Nella società aristocratica si fa strada il modello di vita cortese, contrapposto alla
volgarità del popolo, con un’attenta definizione degli stili di vita. Spesso negli statuti
vengono inserite anche leggi suntuarie che servono appunto a controllare il lusso,
perché l’eccesso di ostentazione delle classi minori (con il rifiorire dei commerci molti
mercanti avevano grandi disponibilità di denaro anche se non erano nobili), non crei
squilibri nell’ordinamento sociale.
Il concetto principale di questa nuova mentalità è che si deve mangiare a seconda
della qualità della persona, intendendo con ciò le caratteristiche fisiche e la tipologia
di ognuno. Quindi rinasce in parte il pensiero medico antico: mangiare in maniera
equilibrata tenendo conto dell’età, del sesso, dello stato di salute e del tipo di attività
svolta.
Se distinguere la propria classe sociale attraverso il cibo è fondamentale, tra la fine
del medioevo e la prima età moderna è la qualità che la fa da padrona: ognuno deve
mangiare a seconda del proprio rango.
Nelle cronache e nei trattati medici del XIV e XV secolo viene riportato che chi non
mangia alimenti destinati al proprio rango è soggetto a dolori e malattie. A questo
proposito anche nel Bertoldo di Giulio Cesare Croce, scrittore italiano del XVI secolo
che spesso si riferisce al periodo medievale, si racconta che i medici fallirono nel
tentativo di curare un contadino con cibi rari e delicati, perché non adatti al suo
stomaco. Si sarebbe salvato solo mangiando cibi adatti alla sua condizione sociale.
13
Interno con cucina:
(Marten van Cleef, Anversa 1527-1581; olio su tavola)

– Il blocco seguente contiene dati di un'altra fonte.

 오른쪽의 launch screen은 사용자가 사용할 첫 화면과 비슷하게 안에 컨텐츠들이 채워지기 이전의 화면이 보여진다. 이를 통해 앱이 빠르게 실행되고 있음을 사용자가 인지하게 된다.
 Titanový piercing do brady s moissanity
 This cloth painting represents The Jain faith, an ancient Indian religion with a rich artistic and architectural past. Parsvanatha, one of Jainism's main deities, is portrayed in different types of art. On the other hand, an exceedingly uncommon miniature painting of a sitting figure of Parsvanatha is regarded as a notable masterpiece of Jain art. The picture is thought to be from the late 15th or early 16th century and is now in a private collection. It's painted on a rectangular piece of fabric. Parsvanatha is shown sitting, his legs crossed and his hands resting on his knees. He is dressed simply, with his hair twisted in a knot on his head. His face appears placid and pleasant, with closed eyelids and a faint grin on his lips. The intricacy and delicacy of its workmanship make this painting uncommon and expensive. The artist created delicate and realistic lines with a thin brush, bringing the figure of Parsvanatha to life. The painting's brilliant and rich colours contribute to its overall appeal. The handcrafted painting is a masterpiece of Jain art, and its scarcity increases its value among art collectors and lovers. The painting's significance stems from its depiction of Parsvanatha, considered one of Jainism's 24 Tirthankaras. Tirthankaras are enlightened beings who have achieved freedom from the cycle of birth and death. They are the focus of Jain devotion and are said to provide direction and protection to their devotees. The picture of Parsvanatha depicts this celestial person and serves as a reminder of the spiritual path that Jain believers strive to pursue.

Il dipinto, datato e firmato sul retro, è del 1565 e rappresenta un interno con cucina. La
composizione è affollata di personaggi e composta su piani paralleli. Vi sono persone
che cucinano in primo piano, altre sedute ai tavoli e altre che suonano.

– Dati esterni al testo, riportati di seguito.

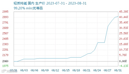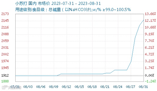 另外,受上游纯碱暴涨因素影响,其下游溴素、小苏打价格也出现上涨,其中,溴素近月内涨幅超22%,价格上涨超4500元/吨;小苏打一月内涨幅超12%。
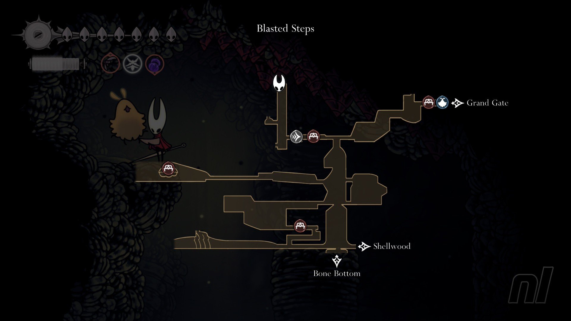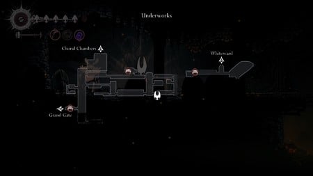 At the Bellway, where the Bell Beast waits patiently, go under the left platform to find a hidden pathway. This is a spike jumping puzzle, and it's a little frustrating! So be patient.
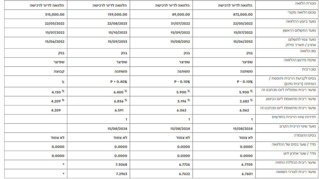 אשמח מאד לשמוע חוו"ד כללית על המשכנתא הנוכחית.
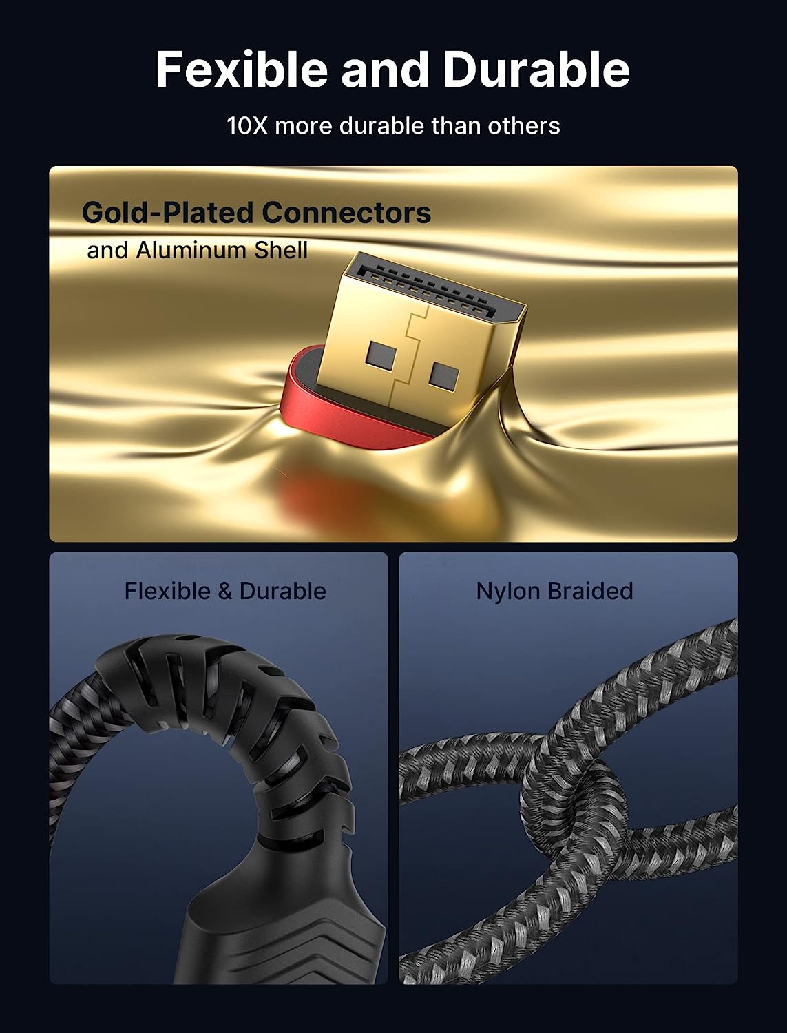 • 【240Hz Displayport Cable】240Hz refresh rate can bring you excellent gaming experience. No motion blur, screen tearing or flickering. You can clear perceive the movement of enemy. DP 1.4 cable supports 32.4 Gbps bandwidth. When playing a movie, it can transfer 2GB data per second an average, stronger than DP 1.2 cable.

Com’era strutturata una cucina?
La cucina delle dimore aristocratiche e delle case borghesi era un locale a parte, mentre
in quella dei contadini e degli artigiani si prepara e si mangia nello stesso locale.
L’elemento
fondamentale
della
cucina è il camino aperto (che si può
vedere bene anche nel dipinto), che
veniva usato per tutti i tipi di cottura,
perché il forno era destinato solo al
pane. Pentole, teglie, padelle e
spiedi erano sempre esposti alla
fiamma viva ed era il cuoco che
sapeva far diventare la fiamma dolce
o aggressiva a suo piacimento.
La figura del cuoco era quindi
fondamentale ma anche qui occorre
fare delle distinzioni a seconda del
livello sociale. In una casa signorile i
compiti erano divisi tra più persone:
vi era l’addetto allo spiedo, l’incaricato delle salse, lo specialista in brodetti. Nelle case
contadine e borghesi, invece, una sola persona cucinava, su scala ridotta e si occupava
di tutto.
14
Concerto a tavola:
(Ambrosius Benson, Lombardia ante 1500-Bruges 1550; olio su tavola)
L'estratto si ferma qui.